Chapter LXXI

LXXI

CATEN IS COVERED BY AN ETHEREAL, RAY-STREAKED smoky haze, thick winter clouds bleeding from gold to orange as the sun peeks through and touches the horizon.

There are few people on the street between my concealed rooftop vantage and South Caten Prison.

Few people out at all, as far as I can tell.

Uneasiness coats the city, chokes its streets and stills its usual conversations.

Not everyone has been told about the attack coming tonight—in fact, its knowledge has been kept relatively contained—but it’s in the air anyway.
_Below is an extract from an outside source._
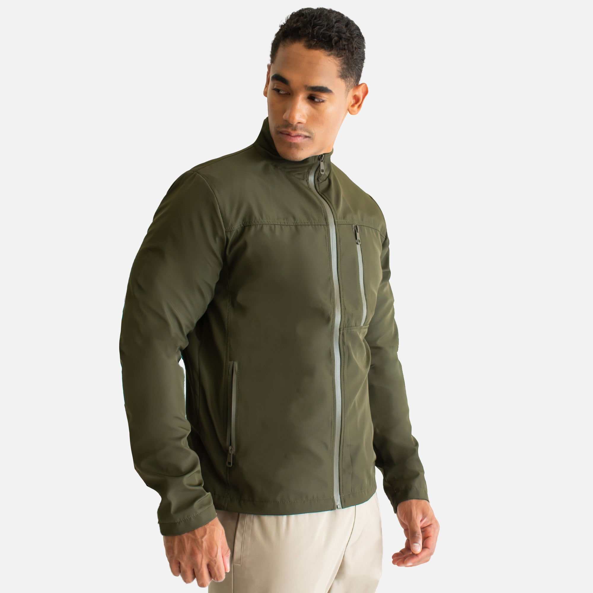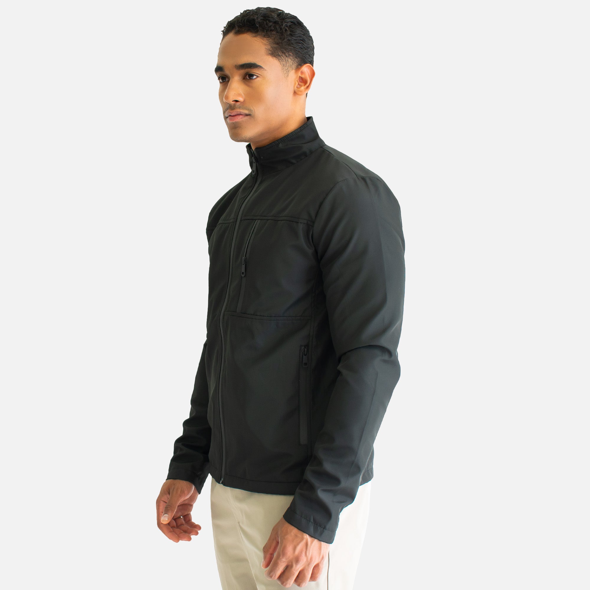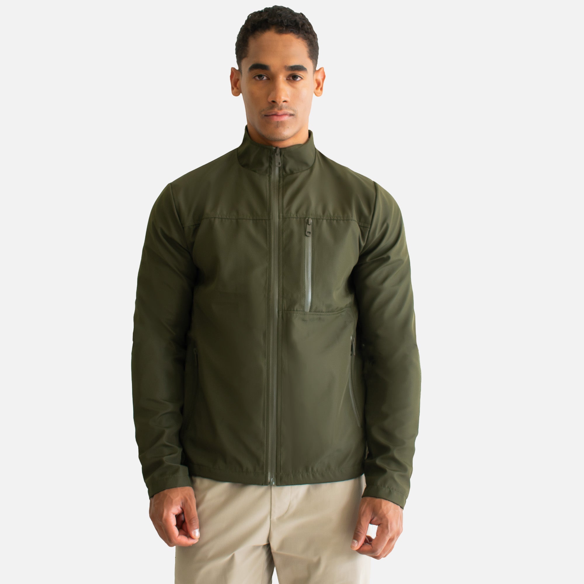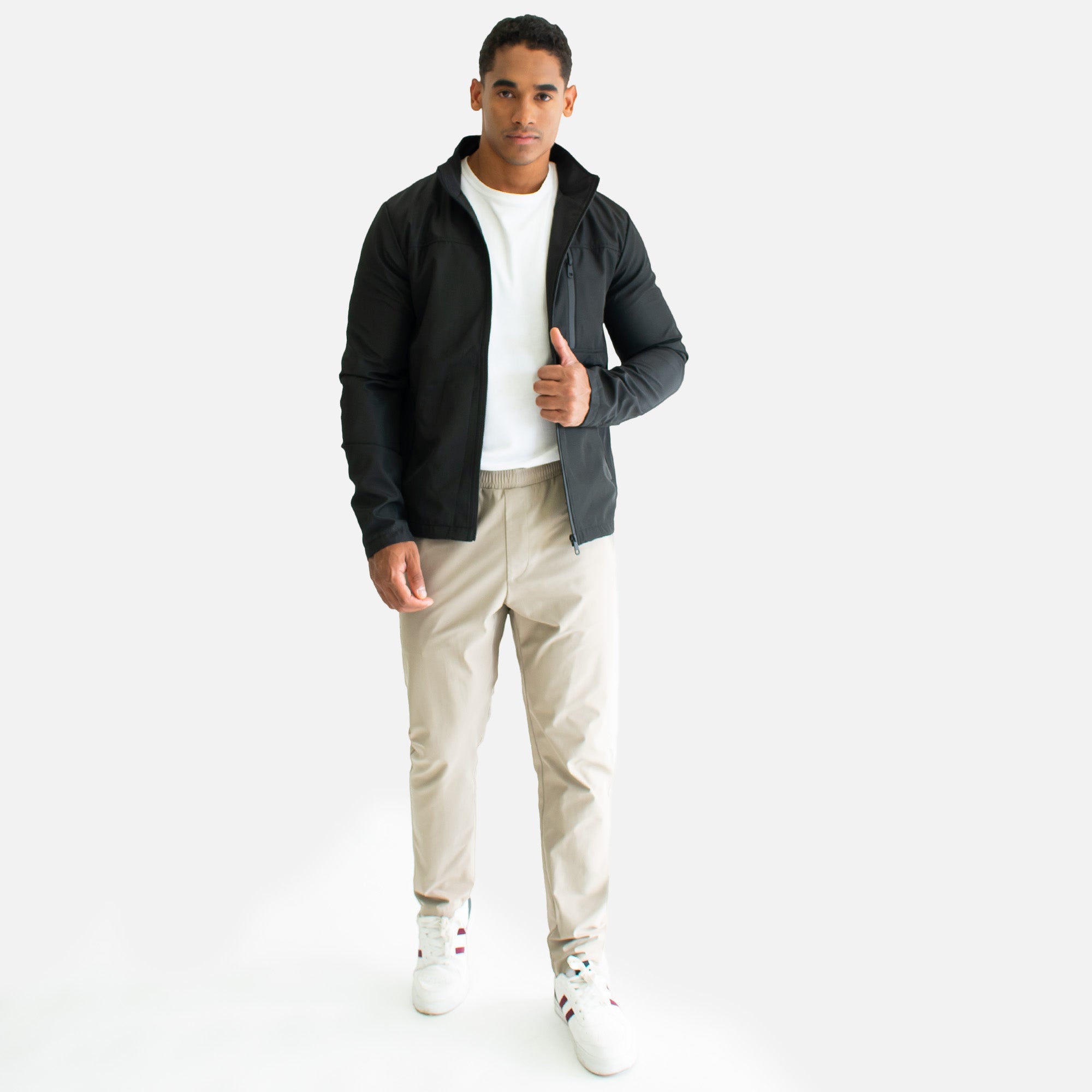 Chamarra de cuello alto con cierre frontal y resorte en la cintura.

A prescient, ugly mood as the sun burns through smoke and the mutters of the hungry drift upward. Surreal, how quickly this place has eaten itself alive.

I shift my gaze once again back to the prison across the way.

Not the one Lanistia was held in last time, but it will inevitably be much the same layout.

On the surface it looks identical, just a squat building with one barred window to view anyone arriving.

A slot for papers and an impossibly thick stone door, which is meant to open only with a Will key or seal from Quartus Kanifer. No one posted outside.

Five men emerged ten minutes ago, and they admitted only two replacements. Probably the only guards, this evening. Not that they should have reason for more. Catenan prisons are designed to hold off an army, regardless of their staff.

“You look comfortable.” Aequa grins as I start at her voice by my ear, then lies prone on the rooftop next to me, shoulder to shoulder. “Hail, Vis. Nice and alert for tonight, I see.”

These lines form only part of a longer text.